As I progress in honing my dating skills, I find there is sometimes no point in a second date. The times that I do commence in the “give-the-guy-a-chance” second date, I only really solidify the first thoughts I had, which were actually acquired in the first 15 minutes of the phone call before going on the first date. I have begun to truly realize the large amount of time wasted, or rather, not used wisely, on trying to date someone that doesn’t empirically fit the lifestyle I just spent my whole life growing into.
The times I have dismissed that inner-voice telling me that I’m just not feeling “IT” for this person trying to pursue me; I even squelch that little devil in me that wants to create such a phone tag phenomenon that the pursuer forgets whose turn it is and gives up. All this to venture into a date—maybe even two or three—in order to find that special someone; the suitor of a lifetime…only to come to the conclusion that I should have listened to myself from day one….maybe even before I handed my number out.

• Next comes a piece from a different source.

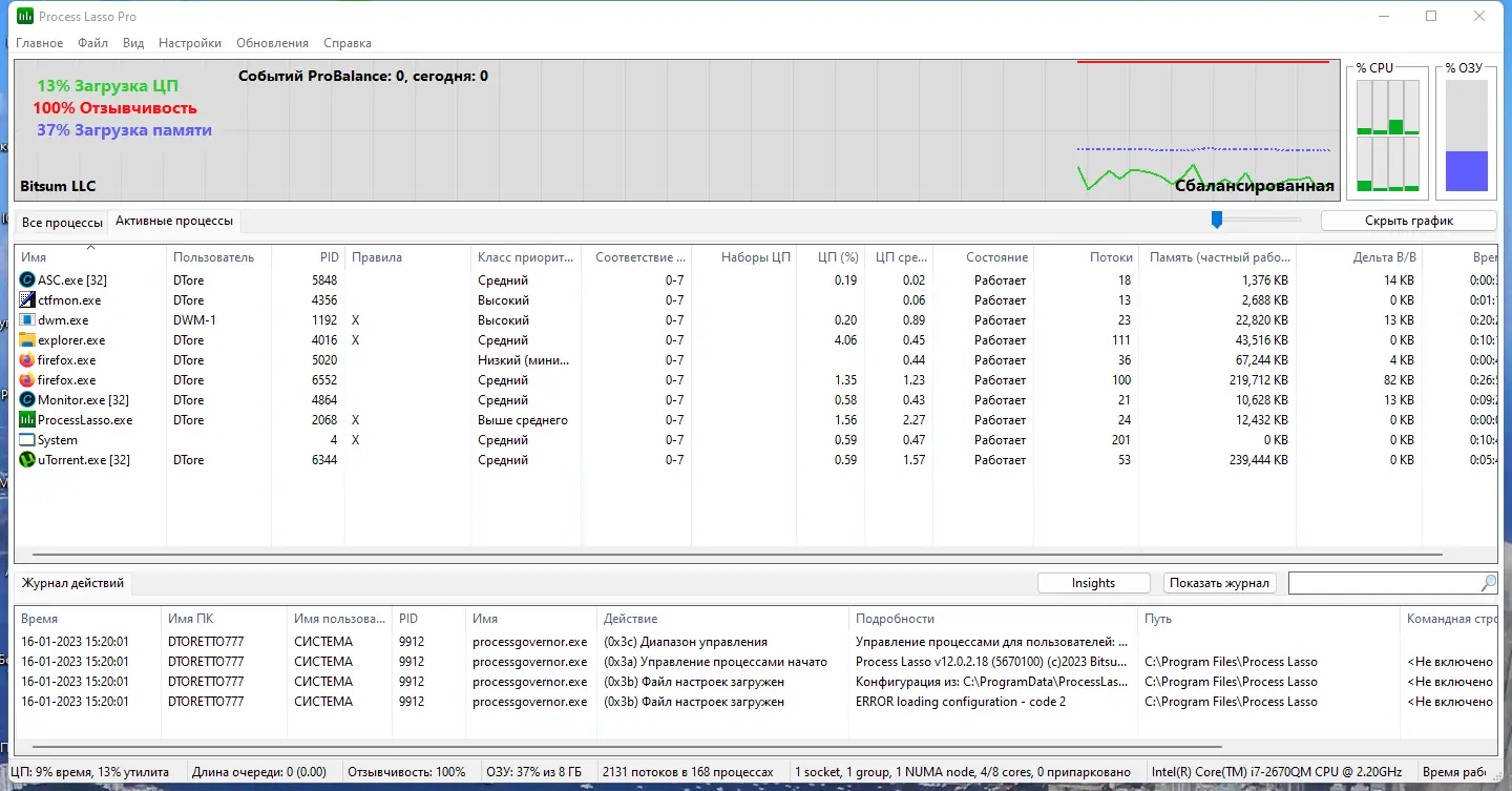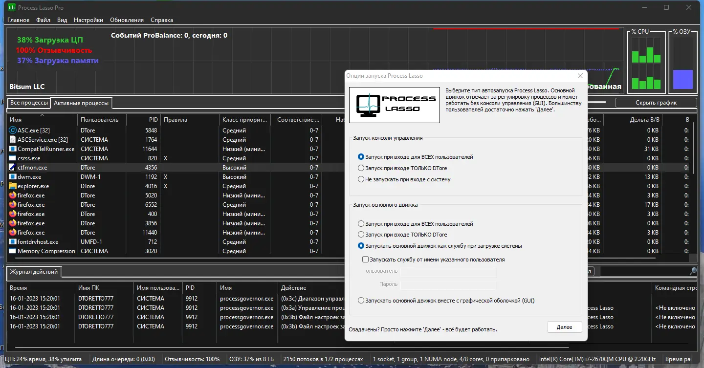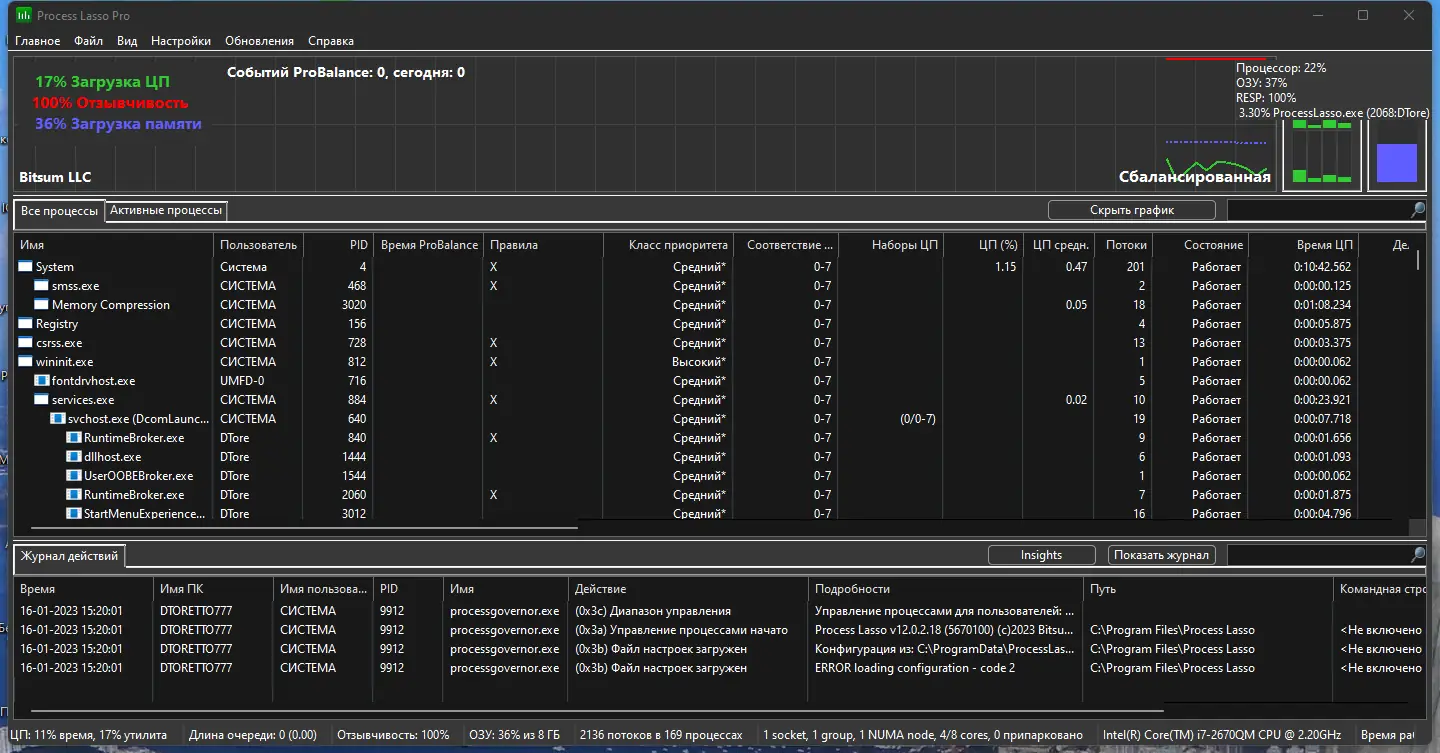 Process Lasso демонстрирует высокую эффективность в повседневной эксплуатации, особенно на системах со слабым или средним уровнем производительности. Программа работает в фоне с минимальным потреблением ресурсов, не мешая основной деятельности пользователя. Однако, как и любое ПО подобного типа, она имеет свои ограничения, связанные с архитектурой операционной системы и уровнем доступа к системным процессам.
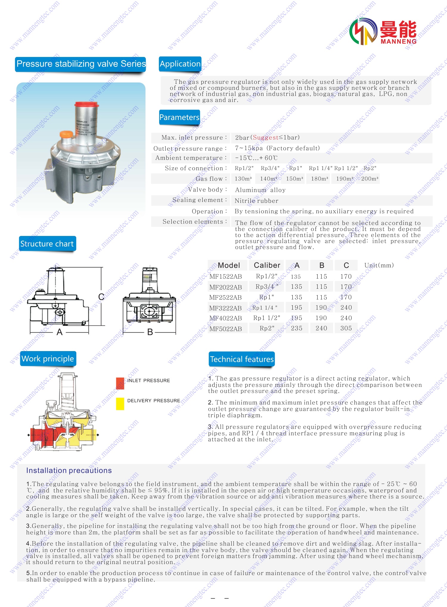 The gas pressure regulator is not only widely used in the gas supply network of mixed or compound burners, but also in the gas supply network or branch network of industrial gas, non industrial gas, biogas, natural gas, LPG, non corrosive gas and air.

When I think of all the people I COULD be meeting if I weren’t trying (hard) to mentally picture being with the person in front of me and talking myself into a date with them thinking, “You never know…” It seems that one tries to rationalize away the notion that the lifestyle differences that already preexist between you and the perspective will somehow mutate into an exciting, everlasting love. Why is it that we try to avoid the pure fact that if the person is say, a chain smoker, then they already have a different mindset than you to even have been led into smoking to begin with, and therefore has an essential mindset that won’t necessarily compute in your world?
On that note, I contend that there is always a sign within oneself, albeit subtle, that tries to save you from yourself. I am not just referring to those tell-tale signs of compatibility such as smoking, I’m also referring to the OTHER subtle signs within yourself that crop up upon immediate interaction, which indeed let you know that something doesn’t quite fit, and no first, second or even third date can rearrange or erase these facts from your subconscious about the person and their lifestyle.
I guess the bottom line is that why fight with that nagging inner-voice? The person may just be the hottest, nicest person ever, but you are sitting through countless dates tolerating conversation that doesn’t work for you. Or trying to make due with a lifestyle choice (that isn’t yours) that you think will begin to suit you somehow. Why not trust that what you want is what you want? It seems to me that we are afraid of ourselves. Moreover, we are afraid of trusting what our body tries to tell us to guide us into what we need and crave. What is odd is that somehow we all seem to equate rejection with loss, as oppose to opportunity. Yes, the glass is either half full or half empty.
I think it is actually selfish to try to date someone whom you already know you DON’T have the vibe. You are holding up life for everyone involved from finding a lasting love, or fling, or whatever any one person is trying to get out of that particular time in their life. All this in mind, I now try to date with the notion that everyone is truly perfect in their own way……but maybe perfect for someone else—nothing personal. Basically, a second date isn’t always needed, and you may not even need the first.